* [ACTION ITEM] Your answer must be the lines of the material below, exactly as written, from its first line through the line with "ASOS DESIGN 5", and no pictures.

START PROVIDED MATERIAL

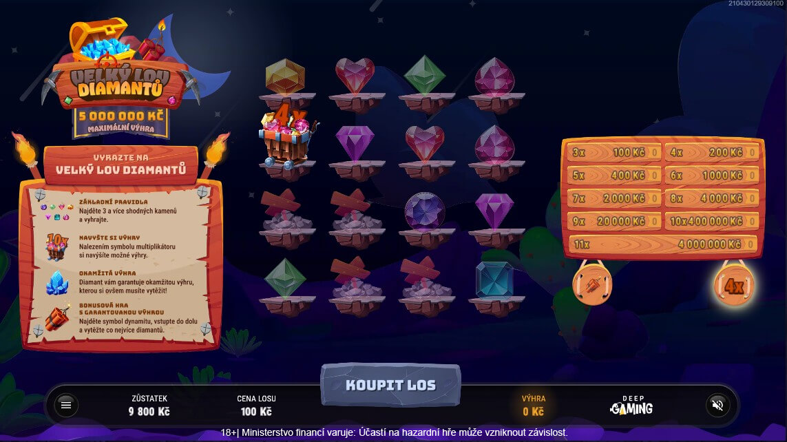 Stírací los Velký Lov diamantů vás zavede do noční pouště, kde se ukrývají drahé kameny a diamanty. S pomocí dynamitu se můžete dostat do dolu a vytěžit ještě větší výhry. Kromě toho na vás čeká hlavní výhra až 5 000 000 Kč.
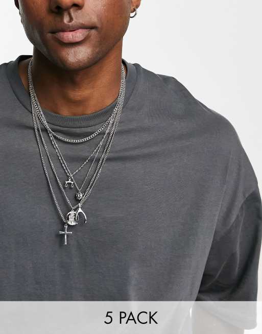 ASOS DESIGN 5 pack necklace set with cross and wishbone pendants
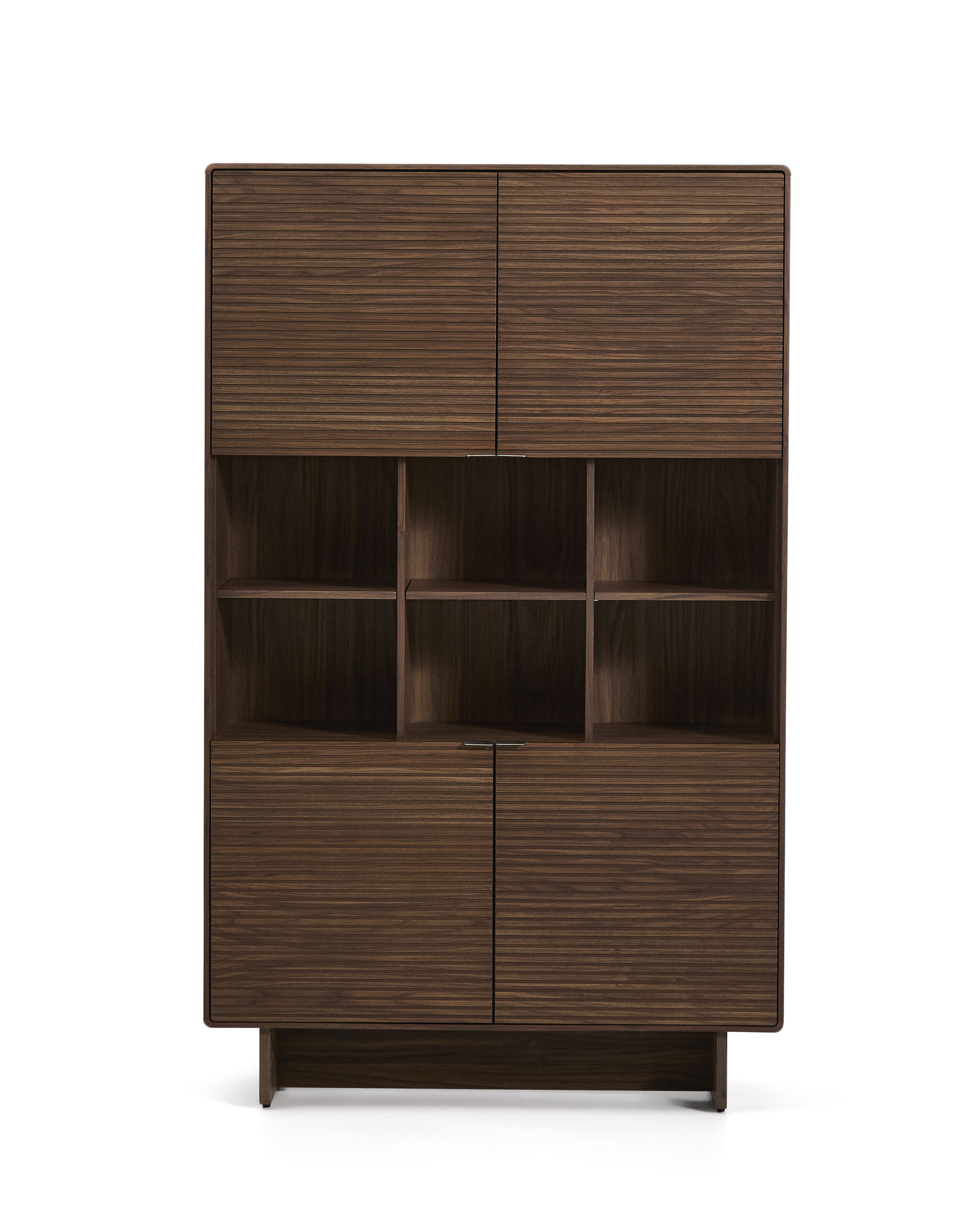 Norlen brengt een ode aan design uit de jaren 50 met een eigentijdse twist, waarbij minimalistische vormen worden gecombineerd met vintage details. De zachte, ronde hoeken en houten basis roepen een nostalgische sfeer op, geherinterpreteerd met pure lijnen en hedendaagse proporties. Het verdonkerde walnootfineer, aangebracht met een vacuümpers, past zich perfect aan op de rondingen van het meubel, waardoor de afwerking een eenheid vormt en elk exemplaar diepte en karakter krijgt. De afwerking van vernis op polyurethaanbasis garandeert slijtvastheid en vochtbestendigheid. De structuur van het meubel is gemaakt van MDF-plaat en de binnenpanelen zijn bedekt met melamine met een afwerking in dezelfde kleur, voor samenhang van het ontwerp. De handgrepen zijn van geborsteld roestvrij staal met een satijnafwerking, die de zichtbaarheid van vingerafdrukken en krassen vermindert en een hoge roestbestendigheid biedt. Bovendien zorgt het schuine ontwerp voor een gemakkelijkere grip bij het openen van de deur. Gecertificeerd met FSC Mix Credit-label, dus gemaakt van een combinatie van materialen uit FSC-gecertificeerde bossen en FSC-gecontroleerd hout. Elk element is ontworpen om functionaliteit te bieden zonder afbreuk te doen aan stijl: van de verstelbare planken aan de binnen- en buitenkant tot het beslag van hoge kwaliteit, met verborgen scharnieren en rails met antiroestafwerking. Bovendien zijn de meubelen voorzien van verstellers in de basis voor een nauwkeurige aanpassing aan elk oppervlak. Een collectie die functionaliteit verandert in een stijlstatement, gemaakt om lang mee te gaan.
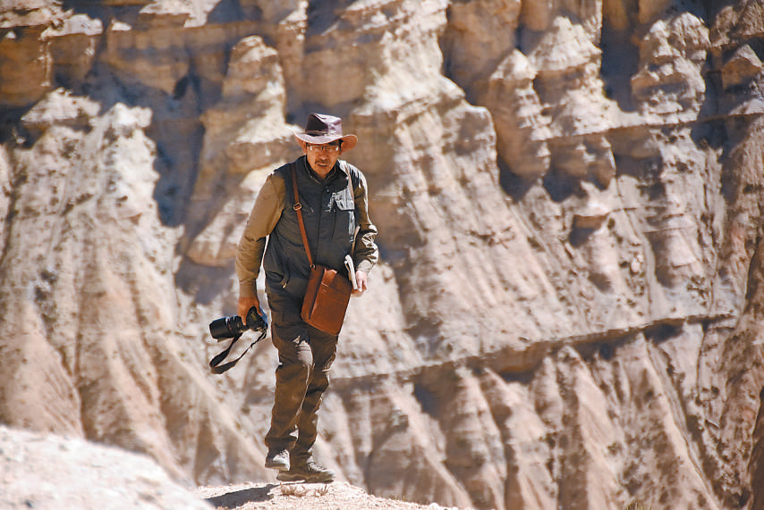 圖為張建林在野外考察 攝影:王毅 圖片來(lái)源:人民日?qǐng)?bào)

END PROVIDED MATERIAL

* [RESULT OF THIS TASK]
 Stírací los Velký Lov diamantů vás zavede do noční pouště, kde se ukrývají drahé kameny a diamanty. S pomocí dynamitu se můžete dostat do dolu a vytěžit ještě větší výhry. Kromě toho na vás čeká hlavní výhra až 5 000 000 Kč.
 ASOS DESIGN 5 pack necklace set with cross and wishbone pendants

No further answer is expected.